Grace: yeah, i'm a tad nervous, but it'll be fiiiyyine
Me: understandably so
Me: ha, just don't give in to his lips w/o hearing his words
Grace: yes ma'am
Grace: that was so a mother/grandmother comment to a granddaughter/daughter


ok, that's the second time within 24 hours i've been called an old lady. jazmin decided at dinner that i'd make a terrific old lady. i mean at that pt, i was making a weird voice & such, ha, but what is that? yeah, so now our 'band' may b the old lady brigade. only time will tell i suppose.

i just had trick or treaters come to my door. i got a bottle cap & a hug out of it. ha, oh man...

someone sent this to me, err, ok:





i'm lovable and love people easily. i like making others
feel at ease, and people just can't help but have a good time when they're
around me. get some vicks and let the good times roll.


find out what kind of drug you are @
tara's website
.



lindsay = my cousin. lindsay is in 8th grade. ha, i totally forgot that she too could read my blog. i laughed when she told me that she could sympathize with the cleavage entry cause her friend has hahas that can get their own zip code. she quickly followed this with, did i just say that? yeah, so i read a little shout out to her new beau in her profile & decided to play the nosy older cousin. yep.

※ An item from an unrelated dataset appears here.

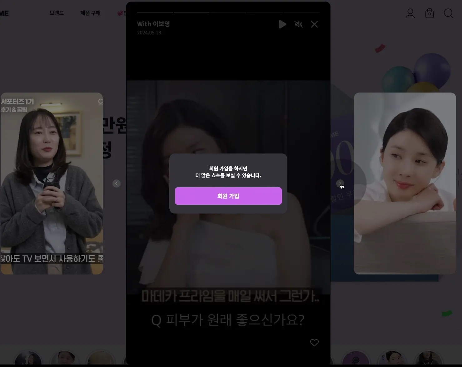 비회원에게 노출되는 포스팅을 쇼츠 단위로 제한할 수 있습니다. 쇼츠 시청 제한이 되면 회원 가입 버튼이 뜨게되며 회원으로 가입전환을 유도할 수 있습니다. 현재는 카페24 앱스토어를 통해 쇼츠웍스를 설치한 곳들로 제한됩니다. 프리미엄 기능으로 한시적으로 모든 사용자에게 무료로 제공됩니다.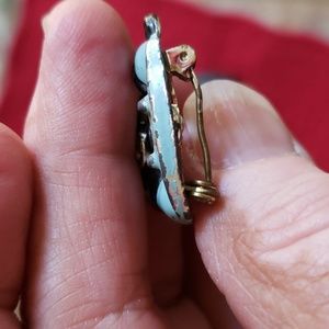 and Bkue enamel, set in a silver tone setting.

jazmin = jazmin lives in good ol' T2. she's from puerto rico. i always say that i'm gonna speak to her in spanish, but i dunno, it just doesn't happen. we kept agreeing that after 9 we were only allowed to speak spanish, but i don't think that's happened even once. word. i don't really know jazmin that well to really elaborate, but seems like a cool chick.

2.23.2003

rah. i apologize for my absence. i realize that a day w/o ur being able to read my blog is practically a day not worth living.

my thanks go out to kim for being awake & roaming the halls at 530AM.

i haven't slept much lately... i should do that now. tomorrow i'll give ya something more enjoyable. *enthusiastic cheer*

rah infinity & beyond

2.21.2003

Thank you Kim and Dana for giving me Natalie. You are good people. -jeff commenting on how Natalie Portman suddenly appeared on his buddy list- i am good ppl yo

man, i had a bagillion thoughts b4 when the internet was craptastic, now i'm at a loss. let's see... today today...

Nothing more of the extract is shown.